Caso Orelha: MP apura coação contra porteiro em condomínio de Florianópolis
Investigação envolve familiares de adolescentes ligados à morte de cachorro comunitário na Praia Brava
O Ministério Público de Santa Catarina (MPSC) apura um possível crime de coação contra o porteiro de um condomínio na Praia Brava, em Florianópolis. Três pessoas foram indiciadas após ameaças ao trabalhador, que teria feito um registro fotográfico de adolescentes investigados pela morte do cachorro comunitário Orelha, ocorrida em 5 de janeiro.
Segundo a Polícia Civil, os indiciados são familiares dos adolescentes suspeitos pelo caso envolvendo o animal.

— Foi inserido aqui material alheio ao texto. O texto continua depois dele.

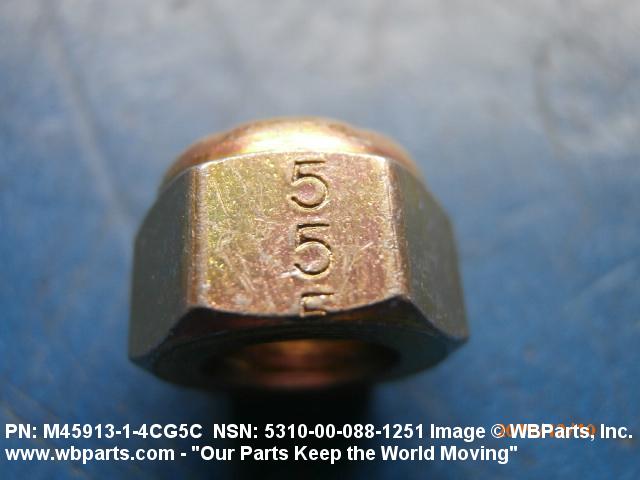 5310-00-088-1251 A nut having a flat bottom and 6 sides. An integral feature is incorporated for locking on the threads of a mating member. Excludes NUT (1), SELF-LOCKING, CAP.

A investigação aponta que os adultos teriam intimidado o porteiro com o objetivo de impedir o repasse de informações às autoridades.
O episódio é analisado no âmbito da Delegacia de Proteção Animal, que acompanha os desdobramentos tanto do caso de maus-tratos com o Orelha quanto da suposta coação ao funcionário do prédio.
Vídeo registra momento das ameaças ao porteiro
Um vídeo exibido com exclusividade pelo programa Domingo Espetacular, da Record TV, registrou parte da ocorrência. As imagens foram gravadas no dia 13 de janeiro, pouco depois da meia-noite.
O registro mostra o momento em que uma mulher deixa o condomínio acompanhada de um dos adolescentes investigados. Ao passar pelo porteiro, o jovem dirige xingamentos ao trabalhador. Minutos depois, o pai e o tio do adolescente aparecem no local.
De acordo com a Polícia Civil, o episódio de coação ocorreu entre os dias 12 e 13 de janeiro. Conforme relato da delegada Mardjoli Adorian Valcareggi, responsável pelo inquérito, o tio de um dos adolescentes apresentava “um volume na região da cintura”, o que levantou a suspeita de que estivesse armado durante a abordagem.
“A postura dos envolvidos gerou a suspeita de porte de arma no momento da coação”, afirmou a delegada em declarações à Polícia Civil.
Apesar da desconfiança, a existência de arma de fogo não foi confirmada até o momento.
Após a denúncia, equipes da Polícia Civil realizaram diligências na residência dos suspeitos, em busca de possíveis objetos utilizados para intimidar o porteiro. Durante a ação, nenhuma arma foi localizada.
A investigação aponta que as ameaças teriam como finalidade evitar que o porteiro compartilhasse imagens ou informações sobre os adolescentes investigados pela morte do cachorro Orelha.
Segundo a apuração, o trabalhador teria feito uma foto dos jovens envolvidos, o que teria motivado a reação dos familiares. O conteúdo do registro e a forma como foi utilizado seguem sob análise dos investigadores.
“O inquérito apura se houve tentativa de obstruir a investigação e constranger o porteiro para que não colaborasse com as autoridades”, informou a Polícia Civil em nota.
Porteiro foi afastado após o episódio
Após o ocorrido, o porteiro recebeu férias compulsórias por decisão da administração do condomínio onde trabalha. A medida foi adotada depois do episódio envolvendo os familiares dos adolescentes investigados.
O afastamento do funcionário também integra o contexto apurado pelo Ministério Público, que acompanha os impactos do caso na rotina do condomínio e na situação do trabalhador.
O MPSC informou que analisa os elementos reunidos pela Polícia Civil para definir eventuais medidas no âmbito criminal relacionadas ao crime de coação.
Caso Orelha segue sob investigação
Paralelamente à apuração das ameaças, a morte do cachorro comunitário Orelha continua sob investigação. O animal era conhecido por frequentar a região da Praia Brava e teve a morte registrada no início de janeiro.
Os adolescentes investigados pelo caso permanecem no centro das apurações, enquanto as autoridades analisam provas, depoimentos e registros audiovisuais relacionados ao episódio.
A Polícia Civil informou que novas diligências podem ser realizadas conforme o avanço das investigações. O Ministério Público acompanha os dois inquéritos — tanto o que trata da morte do animal quanto o que apura a coação contra o porteiro — para avaliar eventuais responsabilizações criminais.